Neither the 2D monolayer culture nor transwell culture showed any significant difference in viability after 3 days in culture. The morphology of differentiating cells in transwells at day 0 showed denser cell localization and less cell spreading compared with 2D monolayer differentiation. During the first 5 days of differentiation, the 2D monolayer differentiation had a phase-dark layer of fibroblastic cells below a layer of spherical phase-bright cells, whereas a phase-bright cell layer was absent in transwell culture. At timepoints greater than 10 days, both groups exhibited a clustered morphology with elongated web-like sheets. Spontaneous beating occurred in all groups at ∼18–25 days of differentiation (Supplementary Video S1; Supplementary Data are available online at www.liebertpub.com/tea). Localized beating colonies were observed in all groups and were not synchronously paced.

cTnT expression showed 30.3 ± 1.9% differentiation efficiency in pSi differentiated cells at day 15. Differentiation efficiency was greater in both 2D and transwell dissolved inhibitor groups with 45.6 ± 3.5% and 39.3 ± 5.3%, respectively (Fig. 3B).

pSi released inhibitor differentiation expressed markers of cardiac differentiation

Cardiac differentiation was monitored through gene expression of brachyury, early-stage cardiac markers (nkx2.5 and isl-1), and later-stage cardiac markers (cTnT, β-MHC, Cx43). Pluripotent stem cell marker OCT4 was also monitored throughout the differentiation to quantify remaining pluripotency in the cell population.

Brachyury expression was measured 24 h after the introduction of CHIR99021 in both conditions. The relative expression compared with day (−3) of differentiation showed that all groups had little to no brachyury expression at the start of differentiation, but after 24 h all groups showed significant upregulation.

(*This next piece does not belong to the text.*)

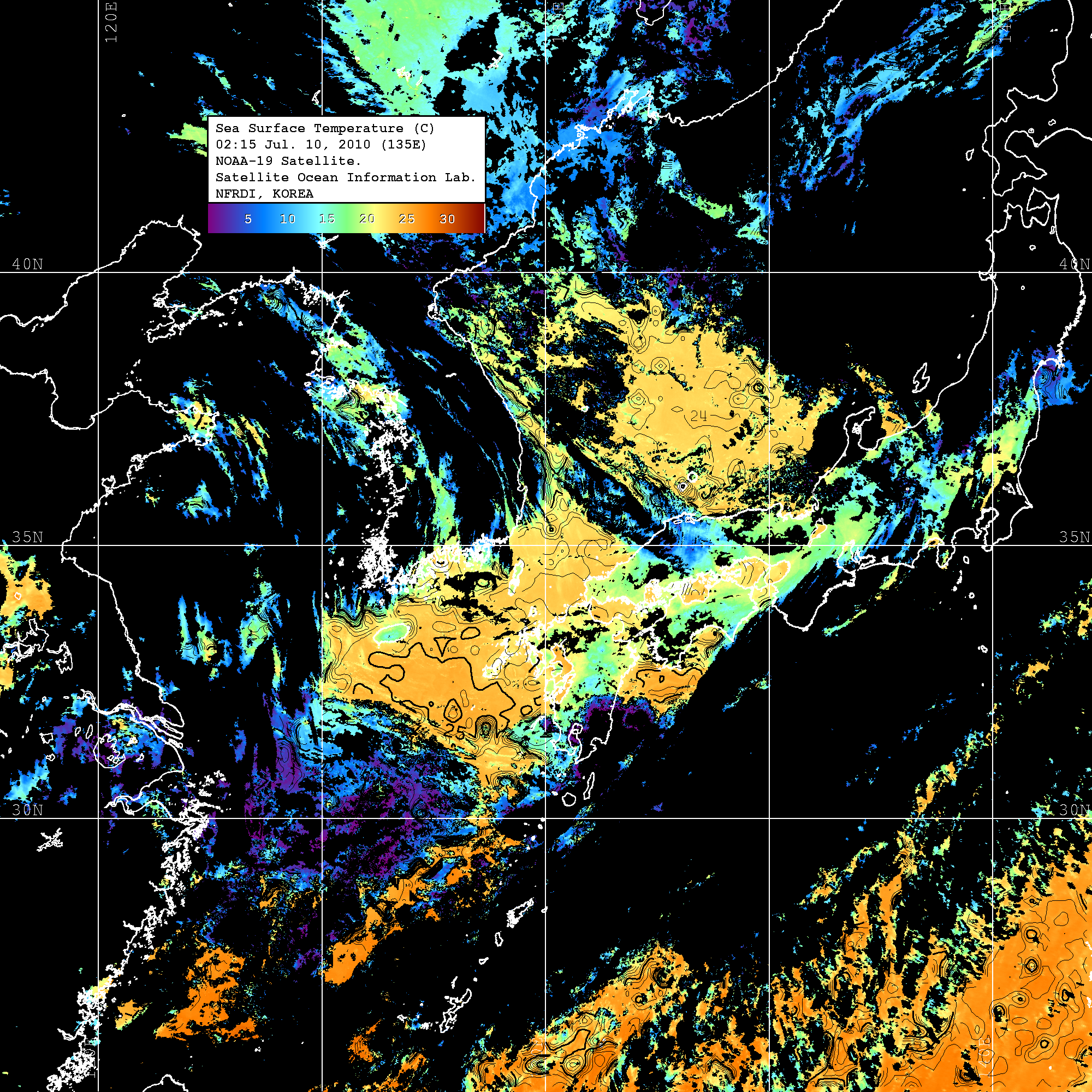 o 2010년 07월 10일 02시 15분 NOAA-19호 위성영상입니다. o 수온분포는 범례를 참고하시기 바랍니다. o 검은색은 구름을 나타냅니다. o 그림을 클릭하시면 크게 보실 수 있습니다.

The 2D monolayer differentiation and transwell dissolved inhibitors had a fold change increase of 236.3 ± 6.7, whereas the transwell with inhibitor loaded particles showed a significant fold change increase of 99.3 ± 27.1 (Fig. 4B).

FIG. 4.

Cardiac marker expressions during differentiation. (A) Timeline of pSi differentiation and cardiac marker analysis. (B) Brachyury expression compared with D(−3). (C) Oct 4 expression compared with D(−3). (D, E) Early markers of cardiac differentiation (Nkx2.5, Isl-1) compared with D0 (F–H). Late markers of cardiac differentiation (cTnT, β-MHC, Cx43) compared with D0 (n = 3, p ≤ 0.05 is significant, *significant difference from day 0, ^#significant difference from day −3). Color images available online at www.liebertpub.com/tea

When compared with day (−3), OCT4 expression was shown to be downregulated over the course of differentiation in all groups (Fig. 4C). At day 10 and 20, OCT4-fold expression in all conditions was below 0.06 ± 0.01 and 0.007 ± 0.006, respectively.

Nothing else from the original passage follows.